# Introduction to CPTAC
This tutorial will introduce you to the CPTAC dataset through a (new) Python package called `cptac` that was written to access the CPTAC data. This package is similar to `TCGAbiolinks`. The package `cptac` is written using `pandas` dataframes. These dataframes are great and similar to some of the dataframes we navigated in R. This tutorial will introduce you to some of the uses of `pandas`. There is also a `pandas` cheat sheet in the Shared Folder that we recommend saving for future reference. 

`cptac` documentation: https://pypi.org/project/cptac/

### Installing and Importing `cptac`
Just as in R, we need to install before we can load in `cptac` to our current python environment. This installation only needs to occur once. In your terminal, install `cptac` into your conda environment. Double check that your conda environment is activated. At the very start of the line in the terminal, `(base)` means no conda environment is active. `(name_of_environment)` tells which conda environment you have activated. 

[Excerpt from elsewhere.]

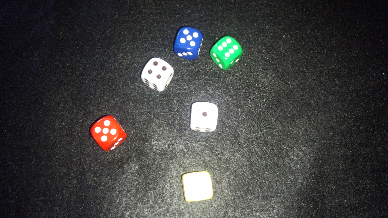 こうしてゲームを進め、ダイスが2個とりのぞかれるか、誰かがパスを4回したらゲーム終了。得点計算です。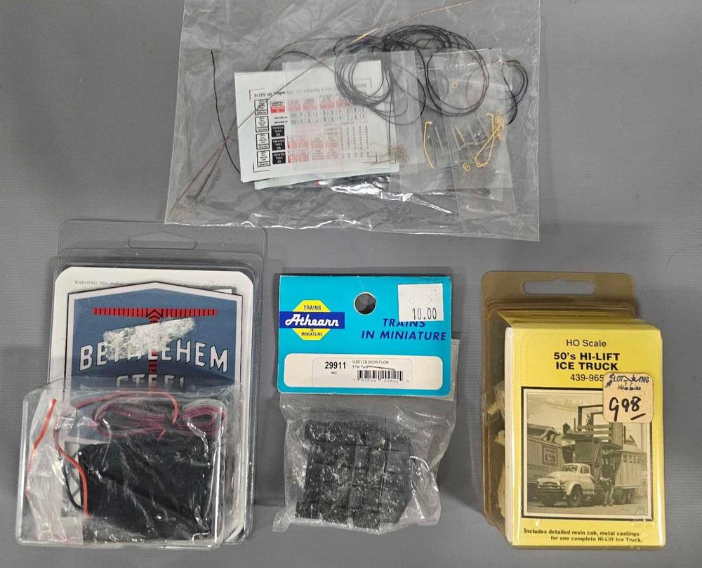 DescriptionSmall group of HO scale train detail parts to include Magnuson Models 439-965 50s Hi-Lift ice truck kit, Light Works USA 5281 Bethlehem Steel animated neon sign, Athearn 29911 hustler snow plow pilots 3-pack plus railings and decals that may be for a diesel locomotive.

Install `cptac` with `pip install cptac`. Return to this notebook and run `import cptac`. If you are having trouble, try to close and restart the notebook.

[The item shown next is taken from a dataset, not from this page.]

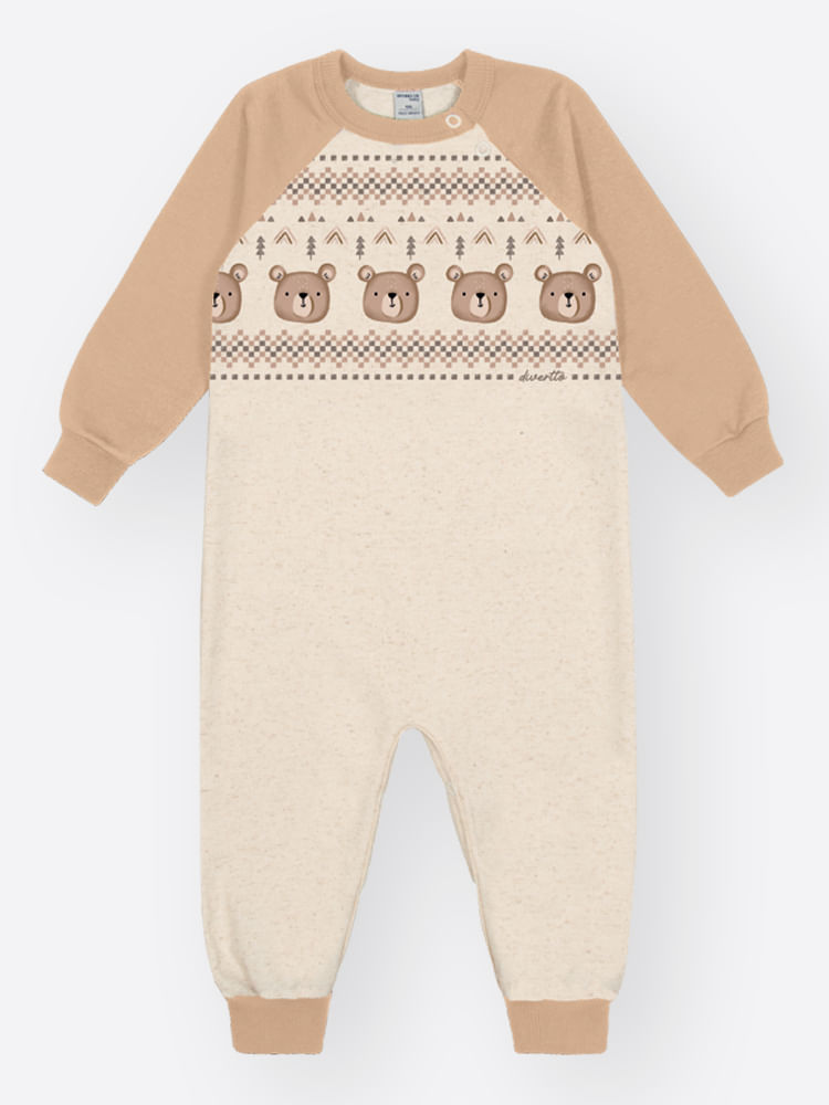 Tamanho:Macacão Bebê Menino Ursinhos Divertto OFF WHITE/BG CAFE LATTE P

### Start exploring CPTAC with `cptac` (!!)
Similar to `TCGAbiolinks`, we need to access and download the data. Take note of this syntax as you will need it for future reference.

In [4]:
import cptac
cptac.list_datasets()

Unnamed: 0_level_0,Description,Data reuse status,Publication link
Dataset name,Unnamed: 1_level_1,Unnamed: 2_level_1,Unnamed: 3_level_1
Brca,breast cancer,no restrictions,https://pubmed.ncbi.nlm.nih.gov/33212010/
Ccrcc,clear cell renal cell carcinoma (kidney),no restrictions,https://pubmed.ncbi.nlm.nih.gov/31675502/
Colon,colorectal cancer,no restrictions,https://pubmed.ncbi.nlm.nih.gov/31031003/
Endometrial,endometrial carcinoma (uterine),no restrictions,https://pubmed.ncbi.nlm.nih.gov/32059776/
Gbm,glioblastoma,no restrictions,https://pubmed.ncbi.nlm.nih.gov/33577785/
Hnscc,head and neck squamous cell carcinoma,no restrictions,https://pubmed.ncbi.nlm.nih.gov/33417831/
Lscc,lung squamous cell carcinoma,password access only,unpublished
Luad,lung adenocarcinoma,no restrictions,https://pubmed.ncbi.nlm.nih.gov/32649874/
Ovarian,high grade serous ovarian cancer,no restrictions,https://pubmed.ncbi.nlm.nih.gov/27372738/
Pdac,pancreatic ductal adenocarcinoma,password access only,unpublished


In [5]:
cptac.download(dataset="Brca")
br = cptac.Brca()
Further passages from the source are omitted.